Copy out the entire listing below exactly, but without its pictures.

------------------------

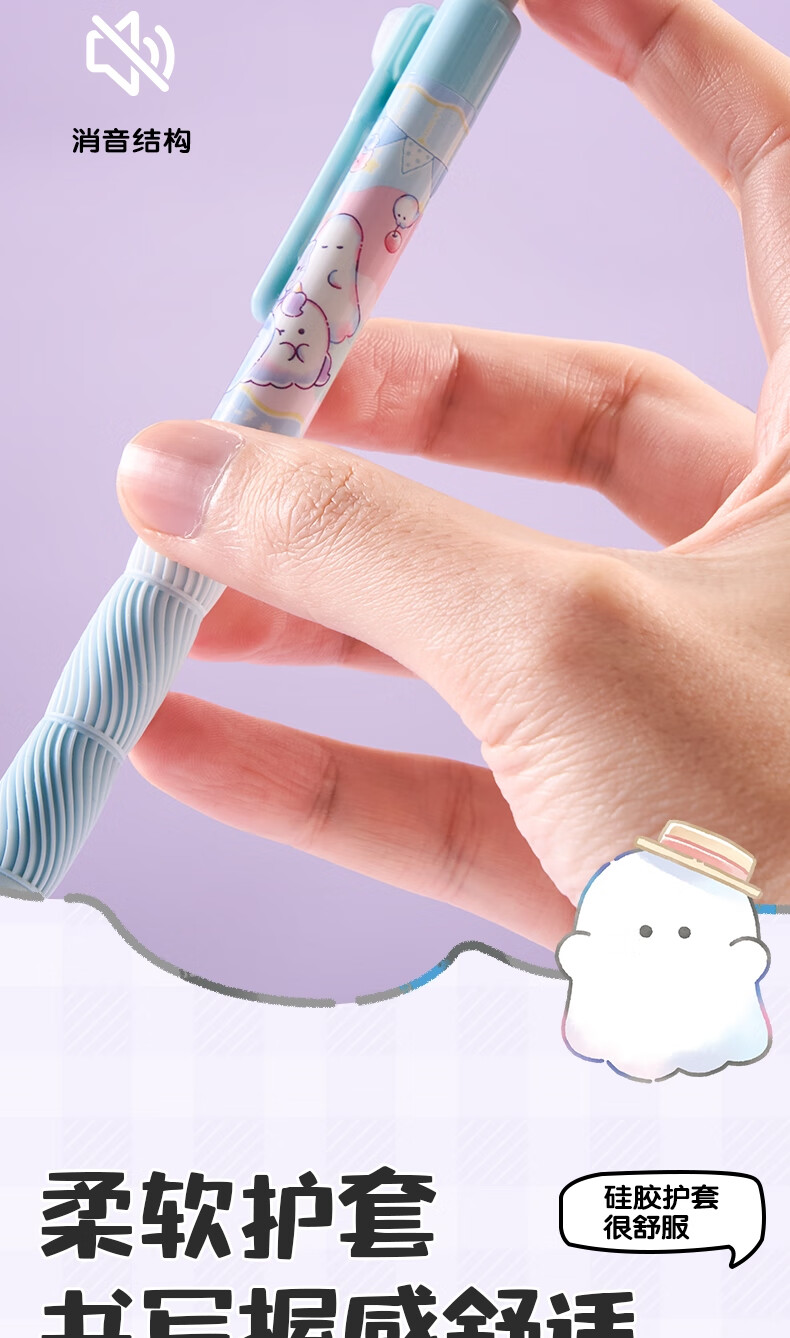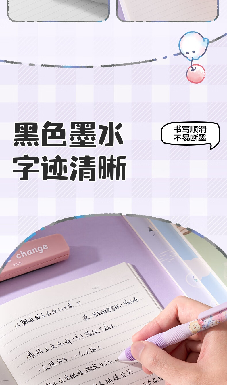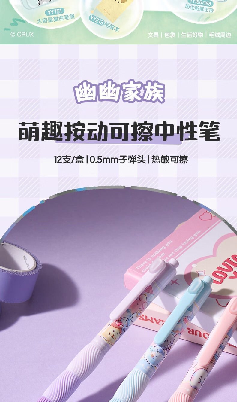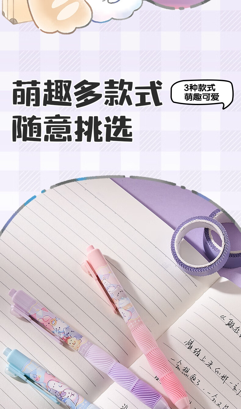 得力(deli) 幽幽家族可擦按动速干中性笔 YY008 12支 0.5mm 黑色(单位:盒)
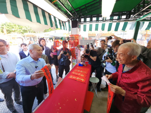 特首伉儷逛年宵獲贈對聯
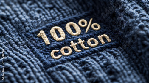 Close-up of 100 percent cotton label on blue textured fabric revealing detailed stitching
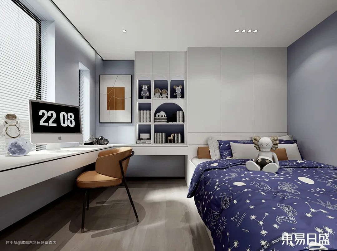 ② 设计师对二层进行了空间上的规划设计布局,将主卧,次卧,儿童房进行设计,使每个房间都有充足的储物空间以及舒适的居住体验。
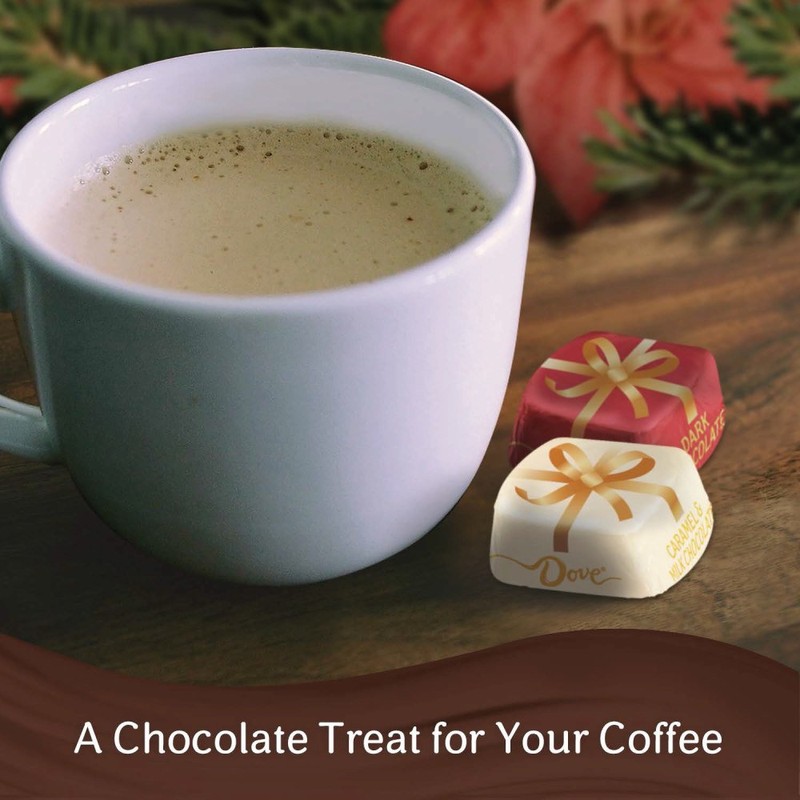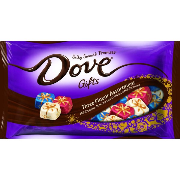 - Contains one (1) 8.2 Ounce bag of individually wrapped DOVE Milk Chocolate, Dark Chocolate and Caramel Snowflake Promises.

------------------------

* Response:
 得力(deli) 幽幽家族可擦按动速干中性笔 YY008 12支 0.5mm 黑色(单位:盒)
 特首伉儷逛年宵獲贈對聯
 Close-up of 100 percent cotton label on blue textured fabric revealing detailed stitching
 ② 设计师对二层进行了空间上的规划设计布局,将主卧,次卧,儿童房进行设计,使每个房间都有充足的储物空间以及舒适的居住体验。
 - Contains one (1) 8.2 Ounce bag of individually wrapped DOVE Milk Chocolate, Dark Chocolate and Caramel Snowflake Promises.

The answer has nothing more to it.